Bonjour,
Le 5 nov. 08 à 15:21, sidiki keita a écrit :
Ex: sites prospecté par L Dabbadie à Macenta et
Guéckédou
Comme Sidiki Keita fait gentiment référence au travail que j'ai
accompli avec lui comme volontaire de l'ONG Vétérinaires Sans
Frontières en Guinée (avec appui de l'APDRA), pour le compte du Haut
Commissariat aux Réfugiés de l'ONU, je me permets de signaler que des
photos sont disponibles sur :
<http://aquatrop.cirad.fr/phototheque/afrique/guinee_1997>
Il y a même des photos de Sidiki en pleine action !

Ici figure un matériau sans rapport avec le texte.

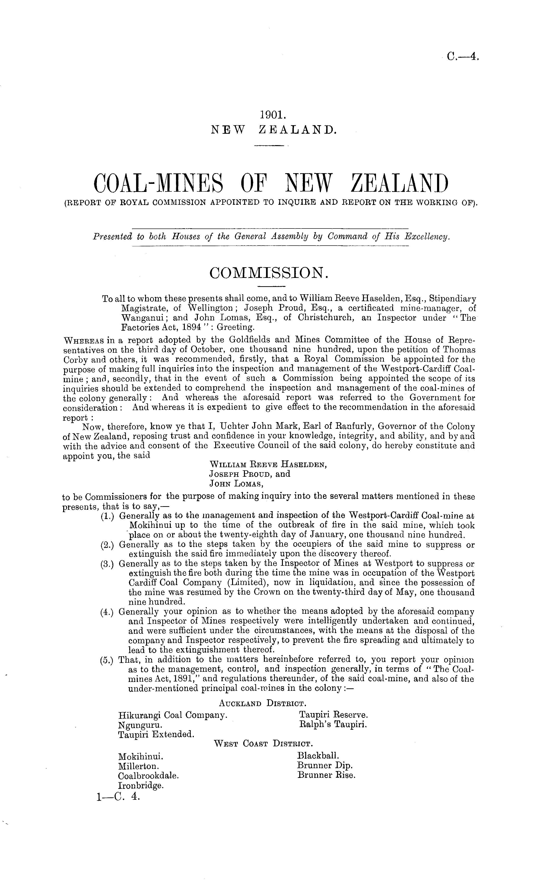 To all to whom these presents shall come, and to William Reeve Haselden, Esq., Stipendiary Magistrate, of Wellington; Joseph Proud, Esq., a certificated mine-manager, of Wanganui; and John Lomas, Esq., of Christchurch, an Inspector under "The Factories Act, 1894 " : Greeting. Whereas in a report adopted by the Goldfields and Mines Committee of the House of Representatives on the third day of October, one thousand nine hundred, upon the petition of Thomas Corby and others, it was recommended, firstly, that a Royal Commission be appointed for the purpose of making full inquiries into the inspection and management of the Westport-Cardiff Coalmine ; and, secondly, that in the event of such a Commission being appointed the scope of its inquiries should be extended to comprehend the inspection and management of the coal-mines of the colony generally : And whereas the aforesaid report was referred to the Government for consideration : And whereas it is expedient to give effect to the recommendation in the aforesaid report : Now, therefore, know ye that I, Uchter John Mark, Earl of Ranfurly, Governor of the Colony of New Zealand, reposing trust and confidence in your knowledge, integrity, and ability, and by and with the advice and consent of the Executive Council of the said colony, do hereby constitute and appoint you, the said William Reeve Haselden, Joseph Proud, and John Lomas, to be Commissioners for the purpose of making inquiry into the several matters mentioned in these presents, that is to say, — (1.) Generally as to the management and inspection of the Westport-Cardiff Coal-mine at Mokihinui up to the time of the outbreak of fire in the said mine, which took place on or about the twenty-eighth day of January, one thousand nine hundred. (2.) Generally as to the steps taken by the occupiers of the said mine to suppress or extinguish the said fire immediately upon the discovery thereof. (3.) Generally as to the steps taken by the Inspector of Mines at Westport to suppress or extinguish the fire both during the time the mine was in occupation of the Westport Cardiff Coal Company (Limited), now in liquidation, and since the possession of the mine was resumed by the Crown on the twenty-third day of May, one thousand nine hundred. (4.) Generally your opinion as to whether the means adopted by the aforesaid company and Inspector of Mines respectively were intelligently undertaken and continued, and were sufficient under the circumstances, with the means at the disposal of the company and Inspector respectively, to prevent the fire spreading and ultimately to lead to the extinguishment thereof. (5.) That, in addition to the matters hereinbefore referred to, you report your opinion as to the management, control, and inspection generally, in terms of " The Coalmines Act, 1891," and regulations thereunder, of the said coal-mine, and also of the under-mentioned principal coal-mines in the colony :— Auckland District. Hikurangi Coal Company. Taupiri Reserve. Ngunguru. Ralph's Taupiri. Taupiri Extended. West Coast District. Mokihinui. Blackball. Millerton. Brunner Dip. Coalbrookdale. Brunner Rise. Ironbridge. I—C. 4.

Il convient toutefois de préciser le contexte très particulier de
cette intervention. Suite aux guerres du Liberia et de Sierra Leone,
des centaines de milliers de personnes étaient venues se réfugier en
Guinée forestière, autour des villes de Macenta et Gueckedou. A mon
époque, la région accueillait autant de réfugiés que de guinéens (de
mémoire, 300000 réfugiés + 300000 guinéens). L'ONU est donc
intervenue "en urgence" au travers du HCR et du PAM pour éviter que
cet afflux de population n'évolue vers une catastrophe humanitaire,
avec succès puisqu'au bout d'un certain nombre d'années, les réfugiés
bénéficiaient, dans leurs camps, "de conditions d'existence aussi
bonnes, voire meilleures que les populations locales" (je mets ceci
entre guillemets, car je m'exprime uniquement sur des aspects
alimentation, accès aux soins etc... il est évident que ma phrase
peut apparaître choquante, étant donné que ces gens ont été victimes
et témoins d'actes de violence indicibles: viols, massacre de proches
etc.).
Donc, pour éviter des tensions locales, mais aussi pour "occuper" des
gens qui sont dans une détresse psychologique immense (problèmes
d'alcoolisme etc.), le HCR finançait des actions dites "de post-
urgence" dont le but était à la fois d'occuper les gens, d'éviter de
les enfermer dans une attitude de pure dépendance à l'assistance
humanitaire (qui aurait pu les inciter à ne pas rentrer dans leur
pays une fois la paix revenue), de servir d'unité de démonstration et
de centre de formation, et de favoriser des relations harmonieuses
entre réfugiés et populations locales.
Il va sans dire que d'un point de vue stratégie et condition
d'intervention, nous nous positionnions donc à des années-lumière
d'un projet de développement. Si nous n'avions pas à nous soucier
d'une quelconque pérennité de nos fermes, nous avions par contre des
contraintes immédiates lourdes comme faire intervenir des dizaines de
personnes (parfois plus de cent sur un même site) pour construire et
gérer une même unité de démonstration (avec quotas réfugiés/
population locale), intervenir sur des sites imposés pas franchement
adaptés à l'aquaculture (je me rappelle de la construction d'un canal
de contournement vers Gueckedou que nous avions surnommé "le canal de
Suez" par dérision), mais en même temps, essayer d'avoir une approche
suffisamment pédagogique (y compris par une démonstration par
l'absurde de ce qu'il ne faut pas faire), pour qu'une fois de retour
dans leur pays, les gens soient capables de mettre en oeuvre de
manière critique le "message", plutôt que de simplement appliquer des
directives techniques de manière passive, qui n'auraient pas
nécessairement adaptées à leur contexte (nous n'avions aucune
garantie qu'ils puissent bénéficier d'une quelconque assistance
technique une fois de retour dans leur pays en reconstruction).
A tout points de vue, j'ai été profondément marqué par cette
expérience humaine, mais sur le plan professionnel, je crois que
c'est là que j'ai compris qu'il ne fallait pas chercher à montrer un
exemple ou à imposer un message technique, mais au contraire, essayer
de faire en sorte que les gens auxquels on s'adresse soient capables
d'acquérir suffisamment de recul et d'autonomie pour de pas avoir
besoin de vous dans la conduite de leurs actions. Ainsi, nous devons
nous positionner beaucoup plus en amont, en réfléchissant à ce qu'il
convient de faire pour garantir aux agriculteurs cette autonomie. Je
sais bien que ça n'est pas toujours aussi simple en pratique et qu'il
faut souvent faire des compromis éloignés de la théorie (et je
pensais d'ailleurs que mes précédentes interventions généreraient des
discussions sur ce thème), mais ça reste à mes yeux un guide
intellectuel incontournable.
Je serais curieux de savoir ce que sont devenus ces sites, même si je
ne me fais guère d'illusion. Par contre, j'espère vraiment que
certains réfugiés ont pu ramener chez eux une partie du message que
nous avons essayé de leur transmettre.